Comment Wikipedia a-t-il déterminé qu’il s’agissait d’un compte problématique? L’encyclopédie met les grands moyens pour débusquer les intérêts cachés, explique Frédéric Schütz. «Des contributeurs honnêtes se font passer pour des clients potentiels et sollicitent ces utilisateurs pour améliorer leur réputation en ligne. Ils disent qu’ils sont prêts à payer et demandent des exemples de travaux réalisés par le passé.» C’est sans doute ainsi que «Talleyrandlerrant» a été débusqué.
Manipulations pro-Zemmour
Car, sur la page de l’utilisateur supprimé depuis, les contributions semblent en grande majorité légitimes, y compris sur la page de Frédéric Borloz. Du moins aux yeux d’un profane de Wikipedia. «Ce n’est pas étonnant, rétorque Frédéric Schütz. Ils ne sont pas naïfs au point de créer un compte puis d’agir sans avoir déjà une crédibilité sur l’encyclopédie», explique le cofondateur de Wikimedia CH. La preuve? Le compte qui a tenté de «salir» Frédéric Borloz s’est fait débusquer immédiatement, contrairement à «Talleyrandlerrant».
Dans la polémique récente qui a éclaboussé le candidat à la présidentielle française Éric Zemmour, un contributeur a été pris pour manipulation alors qu’il faisait partie des 50 internautes les plus prolifiques sur l’encyclopédie en ligne en français. «Dans ces cas-là, cela devient très difficile de distinguer ce qui était piloté et ce qui était légitime. Surtout si le contributeur en question a fauté en fin de carrière», analyse Frédéric Schütz.
L’intéressé affirme ne pas être au courant
Reste la question centrale: Frédéric Borloz a-t-il fait appel à Reputation Squad pour améliorer son image sur l’encyclopédie en ligne? Contacté, le candidat de l’Alliance vaudoise s’en défend formellement. «Je n’ai pas regardé ma page Wikipedia depuis des années, avoue l’élu du PLR. L’ancien syndic d’Aigle n’a pas non plus eu vent de la polémique sur Twitter. «Je ne m’y connecte que très rarement. Je vais le faire à la suite de notre téléphone, mais honnêtement, toute cette polémique ne m’intéresse pas vraiment», soupire-t-il, avouant ne «même pas connaître cette société».
Malgré plusieurs tentatives, Reputation Squad n’a pas répondu à nos sollicitations. Si Frédéric Borloz dit vrai, l’hypothèse la plus probable est que quelqu’un se soit préoccupé de la réputation en ligne de la scientologie et ait été prêt à payer pour cela, sans que l’élu vaudois ne soit au courant.
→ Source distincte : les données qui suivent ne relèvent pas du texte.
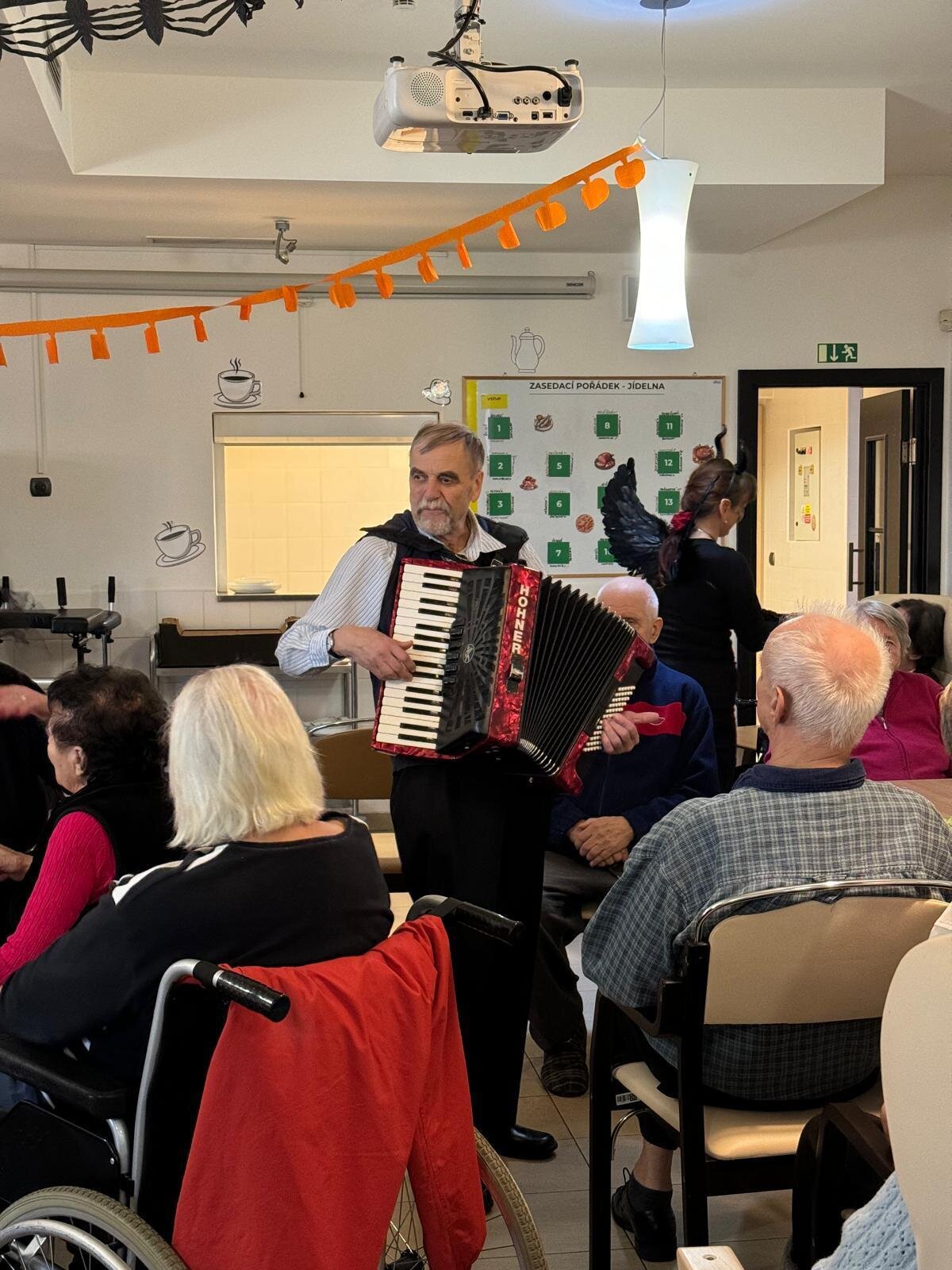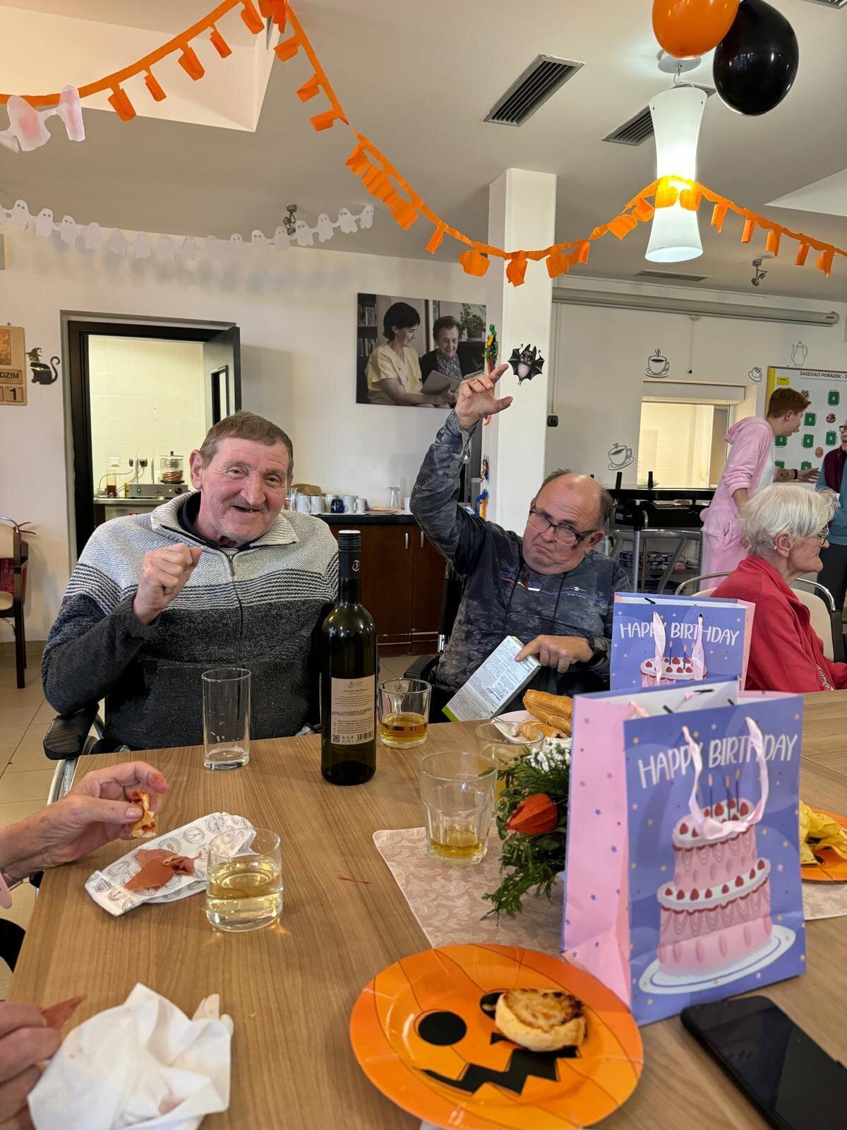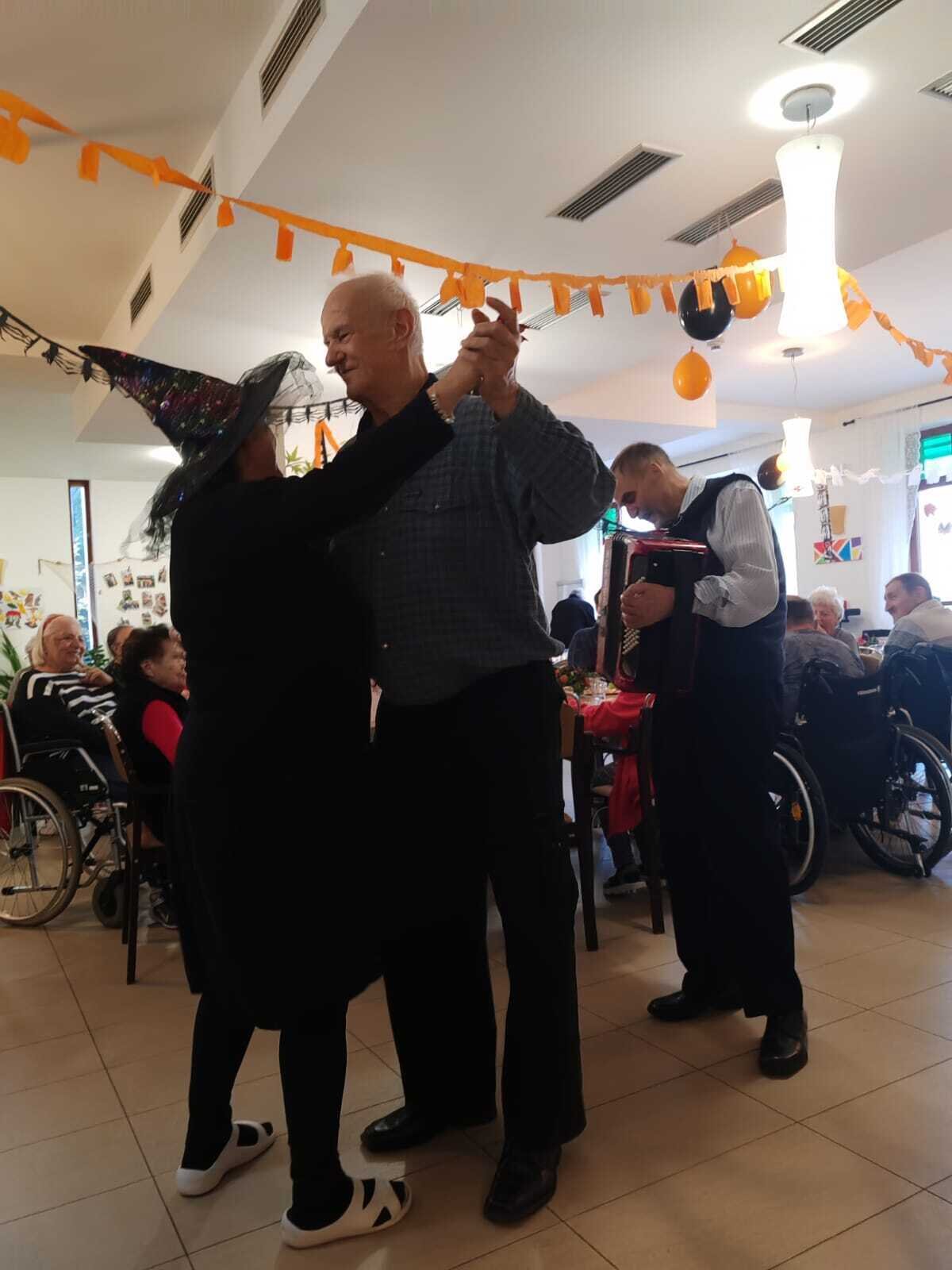 Ve čtvrtek 31.10. se tradičně konala oslava narozenin. Tentokrát nám oslava vyšla přesně na svátek Halloween, při kterém je zvykem převlékání do kostýmů a strašidelná výzdoba. V dopoledních hodinách tak klienti ve spolupráci s aktivizačními pracovnicemi vyzdobili jídelnu. Na odpoledne bylo připraveno pohoštění v podobě párků v rohlíku a naše aktivizační pracovnice Bětka dokonce upekla dort ve tvaru mozku! K poslechu nám po celé odpoledne hrál harmonikář pan Lehotai. Oslava se opravdu moc vydařila!

L’action de «Talleyrandlerrant» sur la page de Frédéric Borloz, à savoir le retrait des 7000 signes en question, est d’ailleurs saluée par les administrateurs et les contributeurs de l’encyclopédie en ligne.
«Vous n’êtes pas responsable de vos proches»
L’ajout de la proximité du candidat au gouvernement vaudois avec la scientologie était-il légitime? La question est complexe, même pour celui qui figure parmi les plus grands experts de Wikipedia en Suisse. «Ce qui est certain, c’est que le fait qu’un proche de Frédéric Borloz soit très engagé dans la scientologie n’a rien à y faire, explique Frédéric Schütz. Vous n’êtes pas responsable de l’action des membres de votre famille.»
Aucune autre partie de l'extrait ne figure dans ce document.